Conjugate addition-alkylations with alkenyl isocyanide 3e.

Entry	R1Li	R2I	Alkaneisocyanide yield [%] (dr)[a]
1	PhLi	MeI	9a 79%
2	PhLi	PrI	9b 82%
3		MeI	9c 82% (3:2:1)
4		MeI	9d 63%[b] (4:0:1)

^[a]The diastereomeric ratios were determined by ¹H NMR integration of diagnostic methine signals in the crude reaction mixture.

^[b]The configuration was unambiguously secured by x-ray diffraction.

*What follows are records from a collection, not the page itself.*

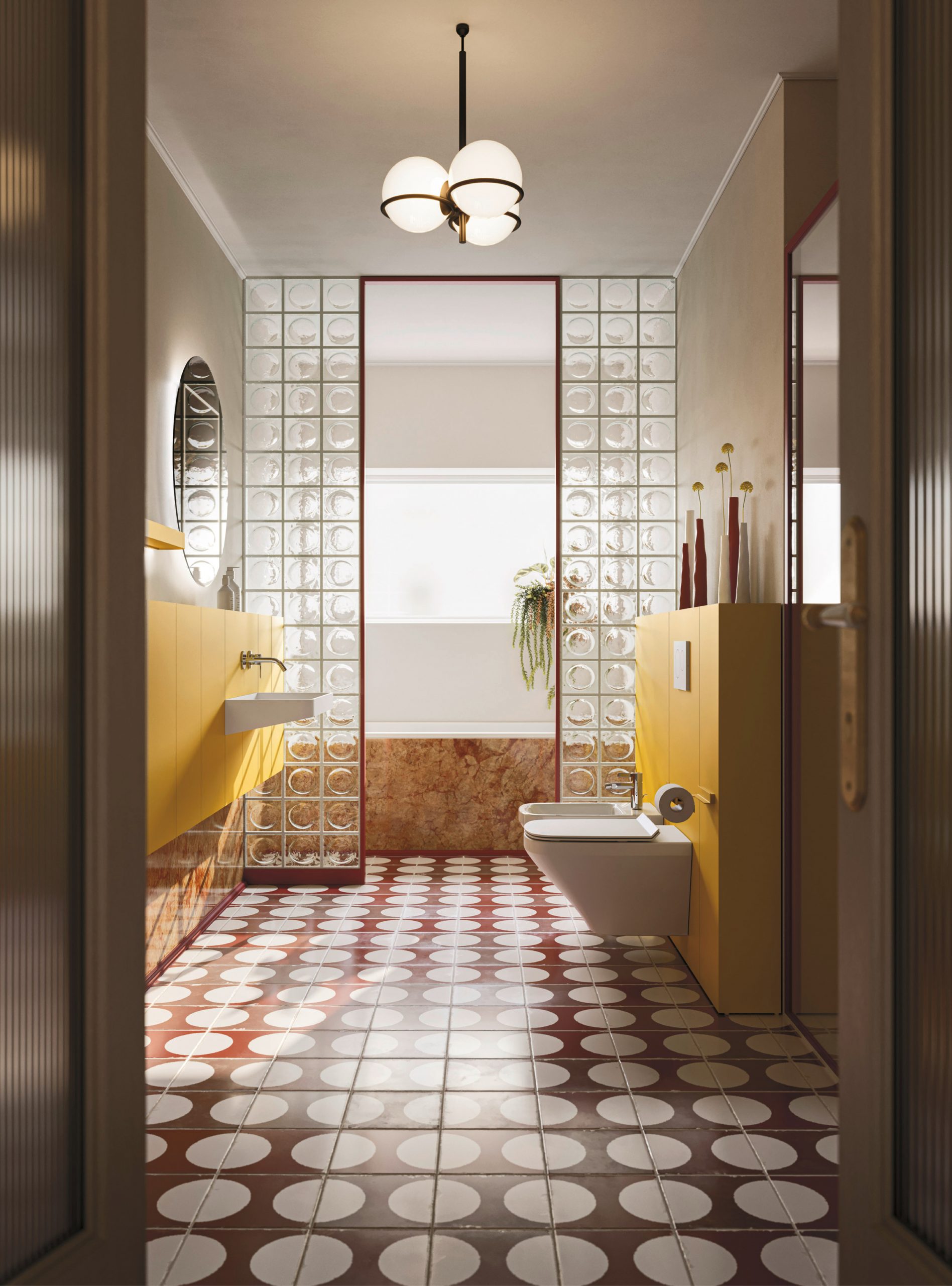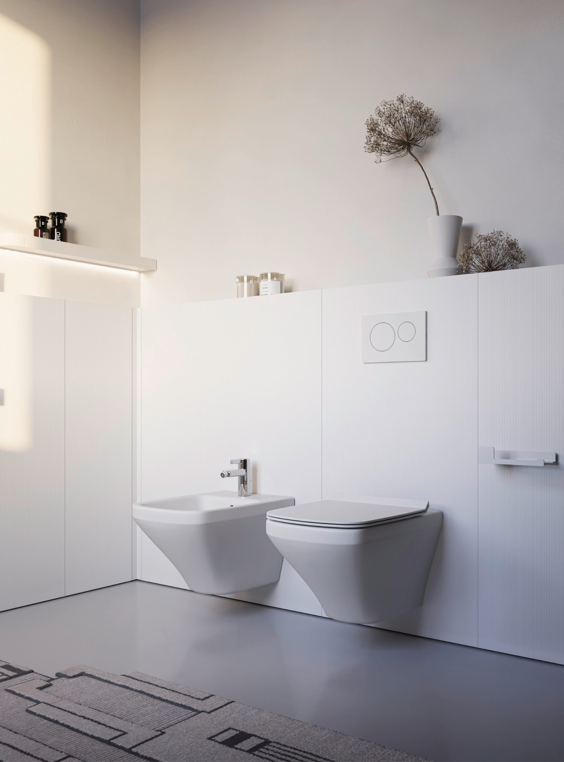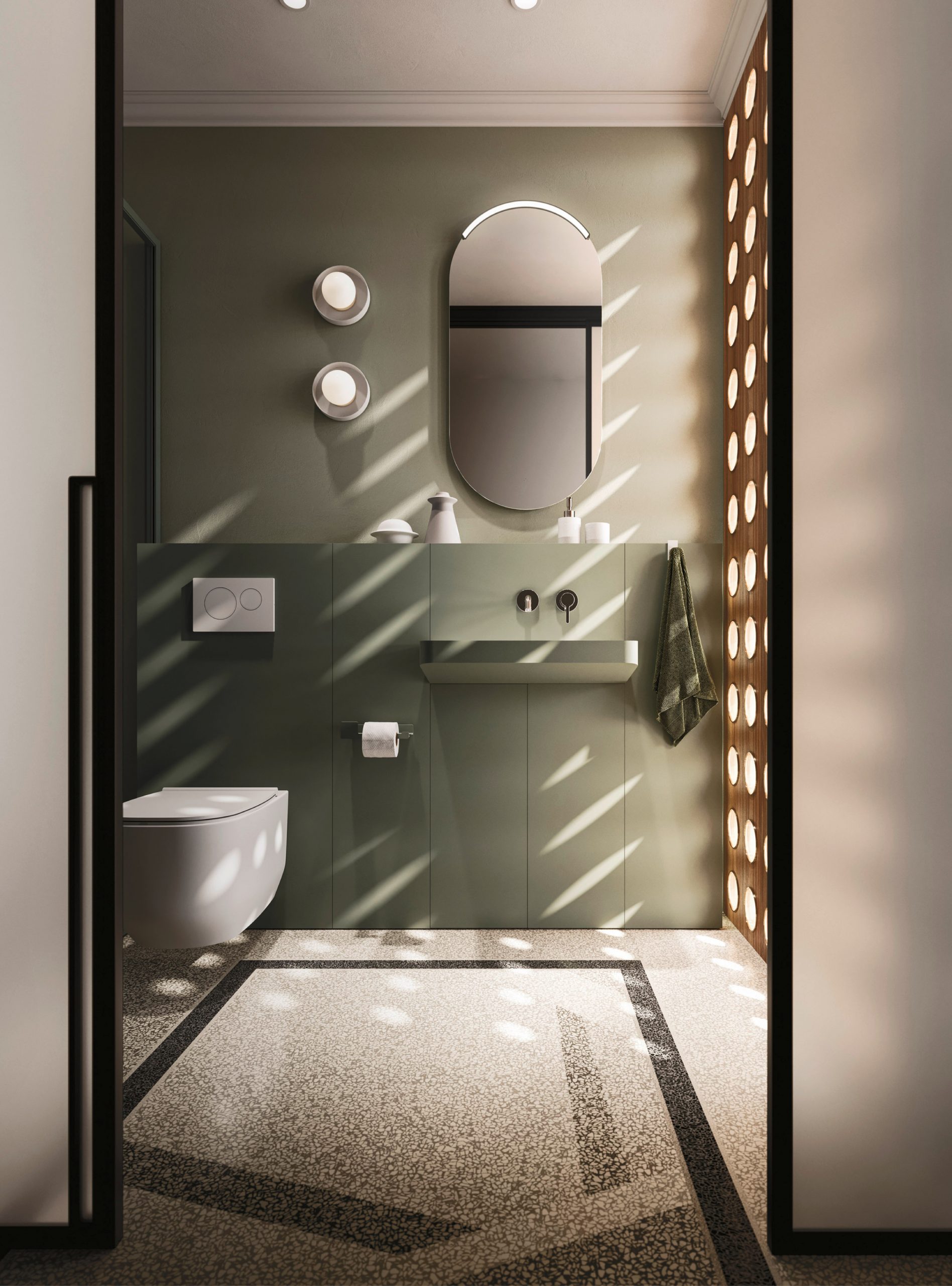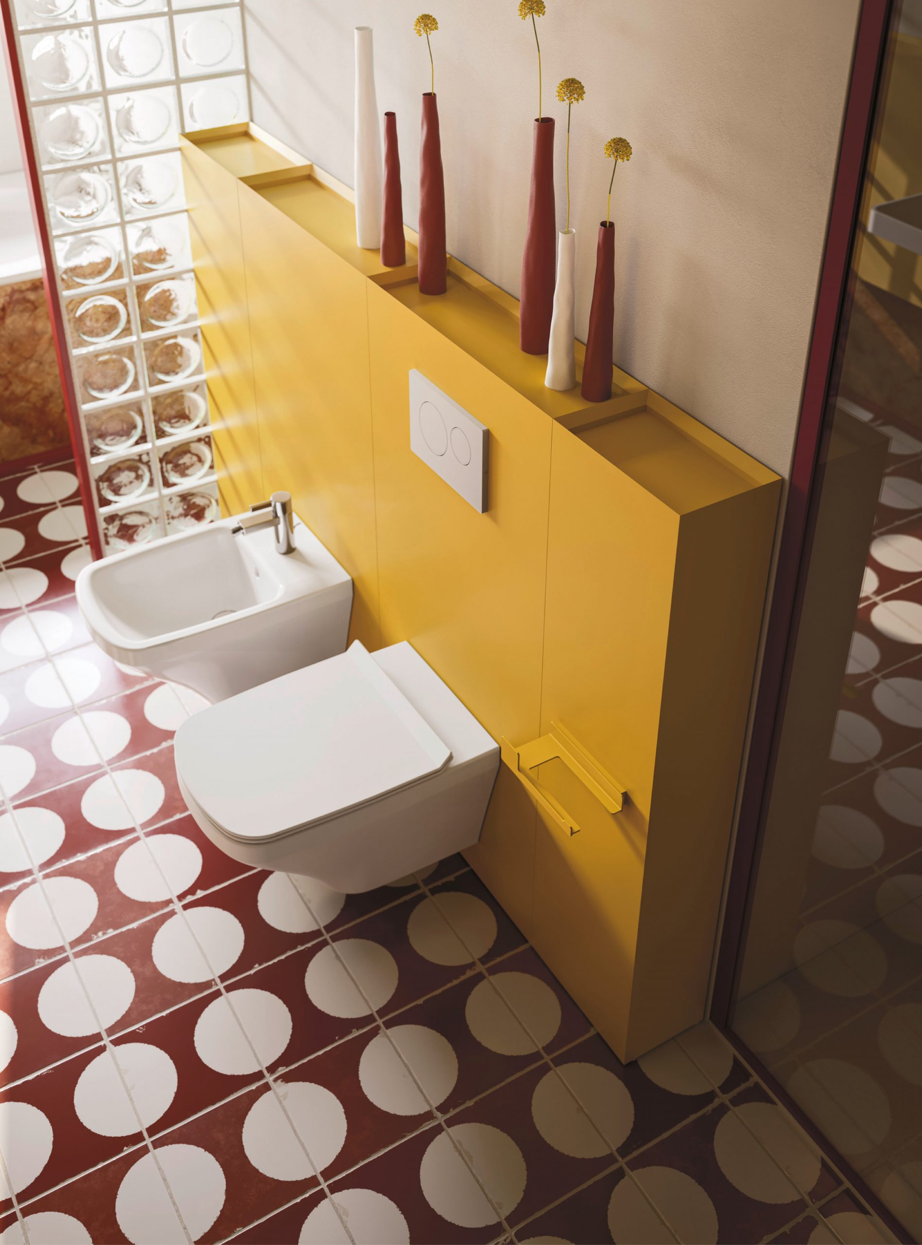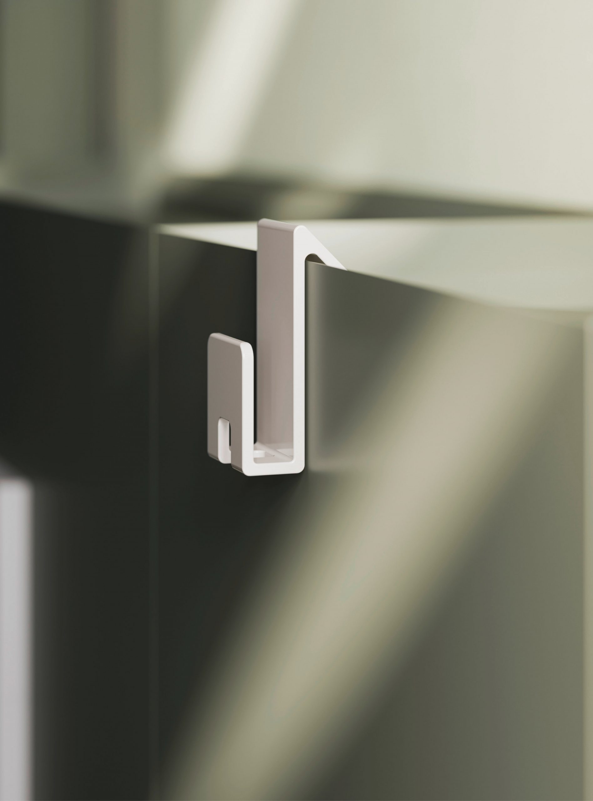 Le lavabo Over, réalisé en Ocritech blanc ou laqué extérieurement de la même couleur que le meuble, est équipé d’un panneau push-pull amovible pour faciliter le nettoyage quotidien et d’un petit bac.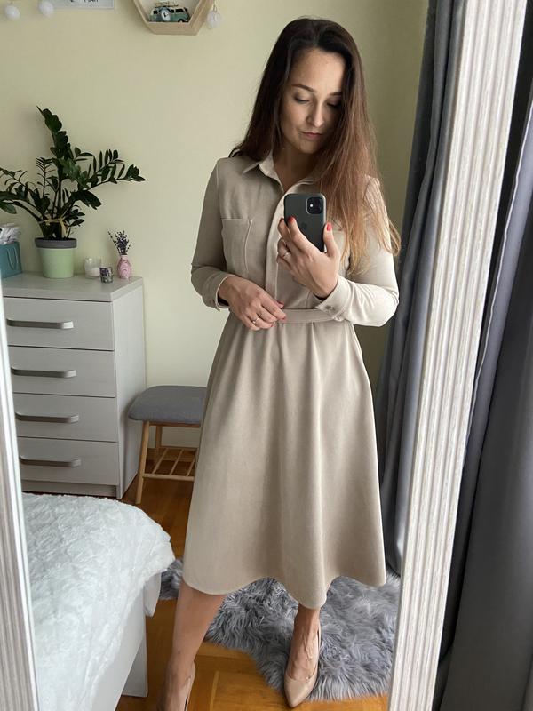 Дуже зручна та приємна до тіла тканина під замш! Верх сукні в сорочковому стилі, спідниця трапеція. Довжина нижче коліна. В комплекті поясок з того ж матеріалу. Більше фото та заміри по запиту.)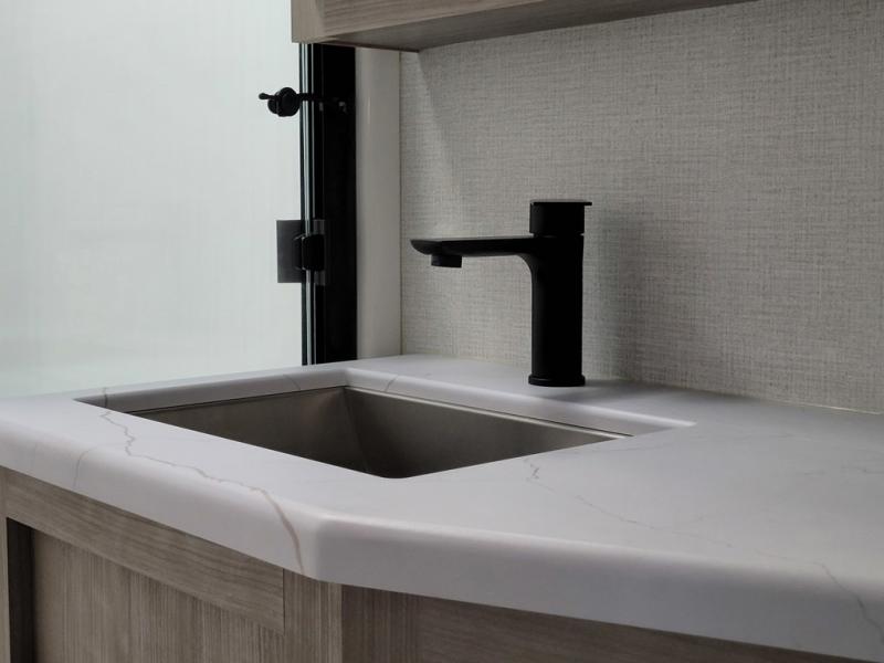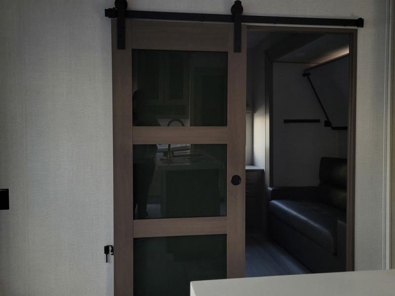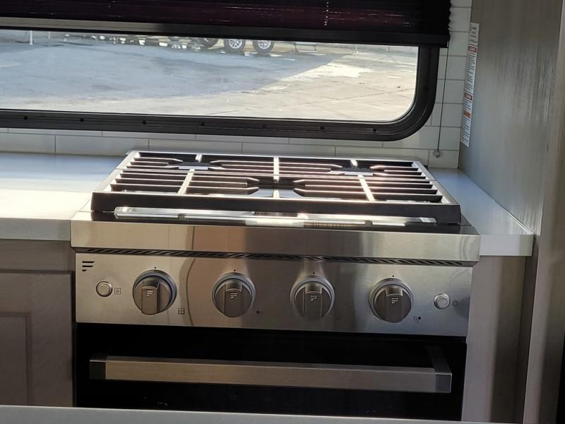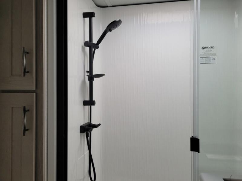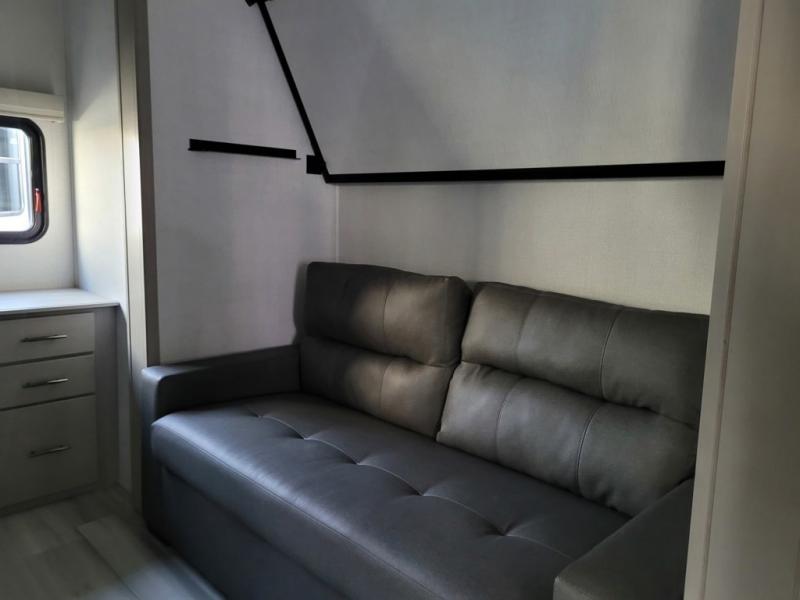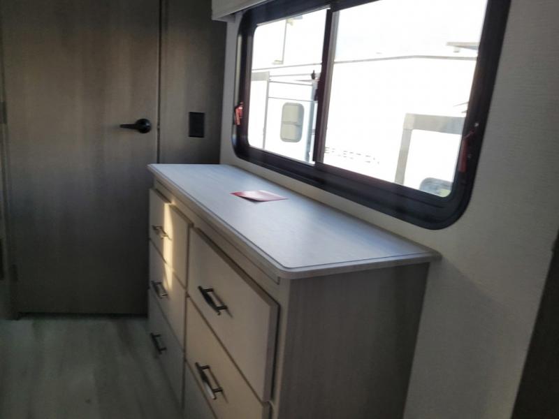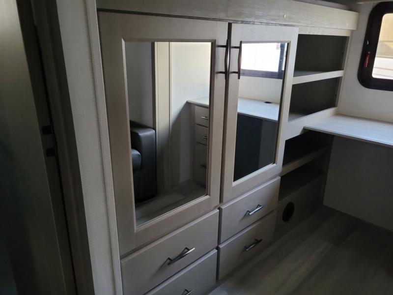 Grab the whole gang and head out in this fifth wheel featuring a private bunkhouse that sleeps five. This unit also features dual entry doors for added convenience with one set leading into a half bath, and quad slides for even more space in this widebody layout. The combined kitchen and living area featuring dual opposing slides offer space to dine and relax including theater seating for two opposite the entertainment center and fireplace. The chef in your group will appreciate the amenities for dreaming up dishes to feed everyone, and the outside griddle, sink and beverage cooler provides even more options. In front, a private bedroom and full bath with a queen bed or optional king, your choice. You can even add a washer and dryer with a space in front prepped for both if you like.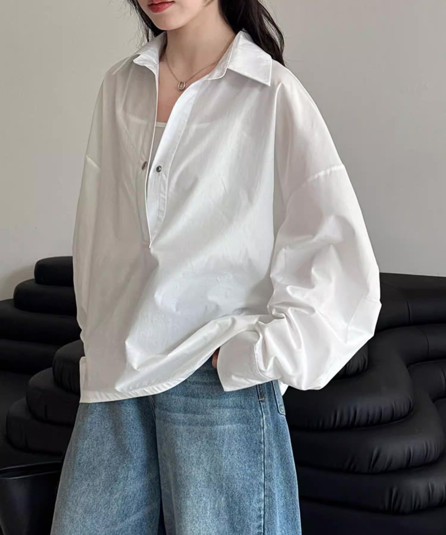 ルーズスキッパーワンボタンシャツ R0016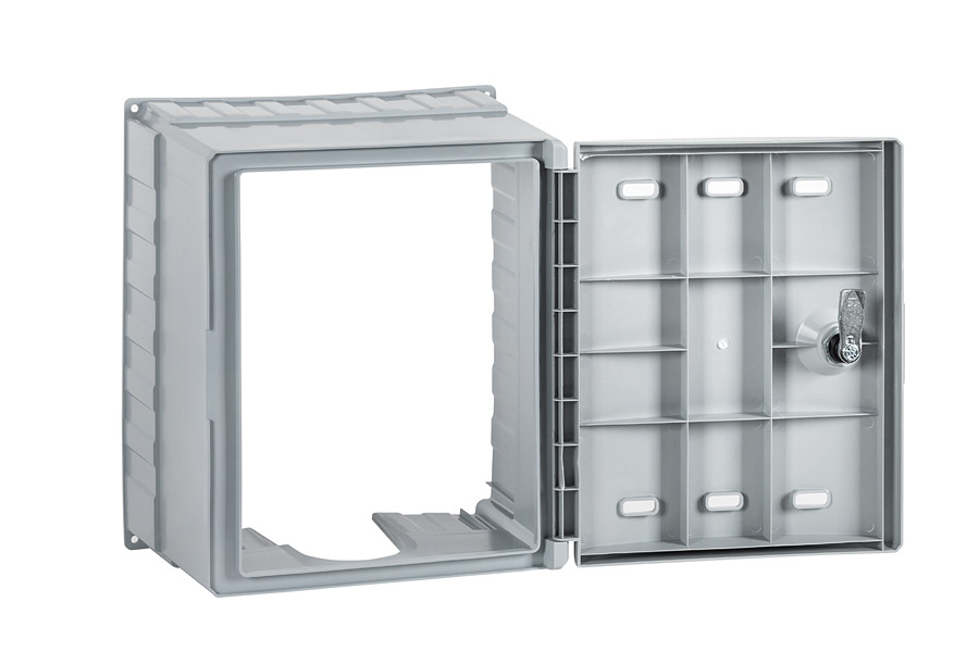 Lemari plastik untuk pemasangan di dinding bangunan.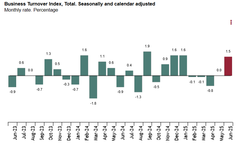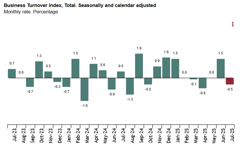 Spain’s Business Turnover Index (seasonally & calendar adjusted) rose 4.1% YoY in July 2025 but fell -0.5% MoM, indicating solid annual growth but a slight monthly pullback.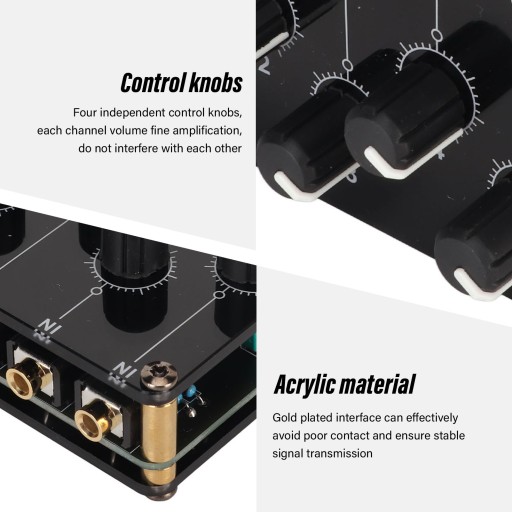 5. Materiał najwyższej jakości: Mikser stereo to materiał akrylowy, pozłacany interfejs może skutecznie uniknąć słabego kontaktu, aby zapewnić stabilną transmisję sygnału.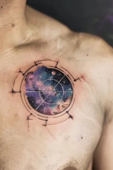 This tattoo looks like a magical window straight into another galaxy. Placed perfectly over the chest, it features a circular portal filled with dreamy purple and blue nebula clouds, tiny stars, and even a glimpse of a distant planet. The surrounding geometric detailing frames it like a cosmic compass, giving the whole piece a modern sci-fi-meets-sacred-symbol vibe. The soft colors contrast beautifully with the sharp black lines, and everything is so balanced and intentional.

Mechanistically the conjugate addition likely proceeds through a preassociation of the organometallic with the sulfone and anisyl oxygens (Scheme 2).^[18] Close proximity between the nucleophilic organometallic and the alkenyl isocyanide would facilitate intramolecular delivery of the alkyl group to the β-carbon (10) while preventing attack on the isocyanide. Complexation within the resultant lithiated isocyanide 11 may retard the alkylation which DMPU assists by solvation to a more nucleophilic, and accessible, solvent-separated ion pair (12 → 13).

Scheme 2.

Conjugate addition-alkylation mechanism.

The conjugate addition affords substituted isocyanides that are ideally functionalized for heterocyclic synthesis. Rapid access to the indole-containing isocyanides 8h and 9d prompted cyclization to the γ-carboline scaffold,^[25] an emerging pharmacophore.^[26] Optimization experiments revealed that substoichiometric TFA triggered an efficient cyclization with (1S*, 2R*)-8h or 9d (Scheme 3).^[27] Generation of the nitrilium ion 14 likely triggers cyclization to imine 15 which eliminates sulfinic acid to afford γ-carboline 16.^[28] Rapid access to the γ-carboline 16a^[29] is significant because of their potential as hepatitis C inhibitors.^[30]

Scheme 3.

Isocyanide cyclization to γ-carbolines.

The versatility of the isocyanide conjugate addition-cyclization is illustrated in the synthesis of N-methyl ingenine B (20, Scheme 4).^[31] In situ silylation-olefination of 2b^[12] with aldehyde 17^[32] afforded alkenyl isocyanide 18 that participated in a smooth conjugate addition with lithiated N-methylindole to provide 19 (Scheme 4). (1S*, 2R*)-19^[33] was efficiently converted to N-methyl ingenine B (20)^[34] on exposure to TFA, a process involving cyclization, sulfinate elimination, and debenzylation.

Scheme 4.

Synthesis of N-Methyl ingenine B (20).

Main group organometallics react with (o-anisyl)sulfonyl al-keneisocyanides in the first conjugate addition-alkylation of alkenyl isocyanides. Diverse organolithiums, magnesiates, enolates, and metalated nitriles, afford metalated isocyanides that are readily intercepted by electrophiles to efficiently install contiguous tri- and tetra-substituted centers. The highly-substituted isocyanides are ideally functionalized for elaboration into synthetic targets as illustrated by the three-step synthesis of the γ-carboline, N-methyl ingenine B (20).